◆ **REQUIRED ACTION**
Please repeat the data below exactly, with the pictures removed.

§ §

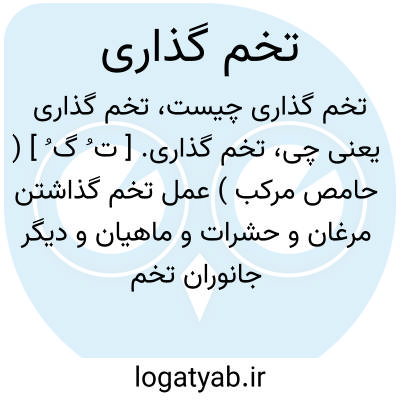 تخم گذاری. [ ت ُ گ ُ ] ( حامص مرکب ) عمل تخم گذاشتن مرغان و حشرات و ماهیان و دیگر جانوران تخم گذار: هنوز فصل تخم گذاری مرغان آبی فرانرسیده است.
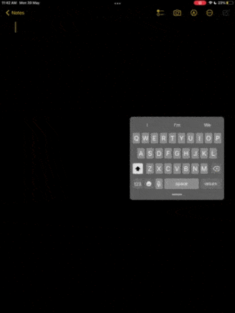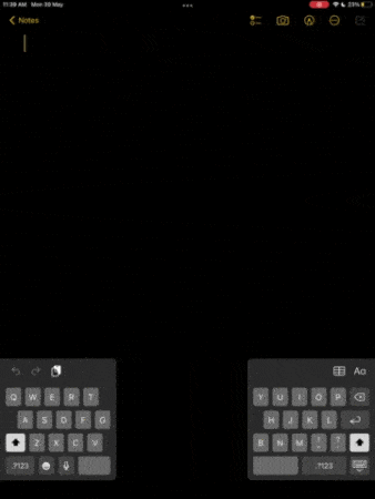 スプリットキーボードでは、前に見たように、キーボードは2つの半分に分割され、画面の両側に移動します。それは、小さな手を持っている人にとっては、キーボードのすべての側面で指を動かすことができない人にとっては良い機能です。この機能を使用して、iPadを両手で保持しながら入力することもできます。
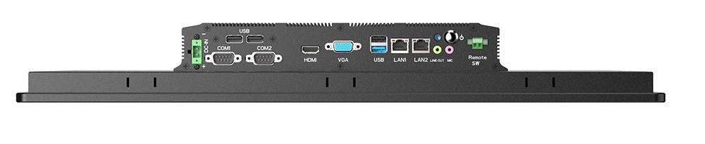 21.5" TFT LCD Panel-PC, Intel Core i7-10710U, Touchscreen (Analog Resistive), Passive cooled, IP65 (front), SoC (System on a Chip), 260-pin DDR4 SO-DIMM, 2 x G-LAN (Back side), 4 x USB (Back side), 1 x Mini-PCIe, Power Supply DC 12V
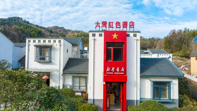临街一栋小楼的白墙上豁然镶出一道红边,屋顶上竖着一个招牌:“ 大湾 红色书店”,上下两层楼里,图书种类繁多。
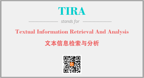 上述内容是“Textual Information Retrieval And Analysis”作为“TIRA”的缩写,解释为“文本信息检索与分析”时的信息,以及英文缩略词TIRA所代表的英文单词,其对应的中文拼音、详细解释以及在英文中的流行度和相关分类、应用领域及应用示例等。

§ §

◆ **YOUR SOLUTION**
 تخم گذاری. [ ت ُ گ ُ ] ( حامص مرکب ) عمل تخم گذاشتن مرغان و حشرات و ماهیان و دیگر جانوران تخم گذار: هنوز فصل تخم گذاری مرغان آبی فرانرسیده است.
 スプリットキーボードでは、前に見たように、キーボードは2つの半分に分割され、画面の両側に移動します。それは、小さな手を持っている人にとっては、キーボードのすべての側面で指を動かすことができない人にとっては良い機能です。この機能を使用して、iPadを両手で保持しながら入力することもできます。
 21.5" TFT LCD Panel-PC, Intel Core i7-10710U, Touchscreen (Analog Resistive), Passive cooled, IP65 (front), SoC (System on a Chip), 260-pin DDR4 SO-DIMM, 2 x G-LAN (Back side), 4 x USB (Back side), 1 x Mini-PCIe, Power Supply DC 12V
临街一栋小楼的白墙上豁然镶出一道红边,屋顶上竖着一个招牌:“ 大湾 红色书店”,上下两层楼里,图书种类繁多。
 上述内容是“Textual Information Retrieval And Analysis”作为“TIRA”的缩写,解释为“文本信息检索与分析”时的信息,以及英文缩略词TIRA所代表的英文单词,其对应的中文拼音、详细解释以及在英文中的流行度和相关分类、应用领域及应用示例等。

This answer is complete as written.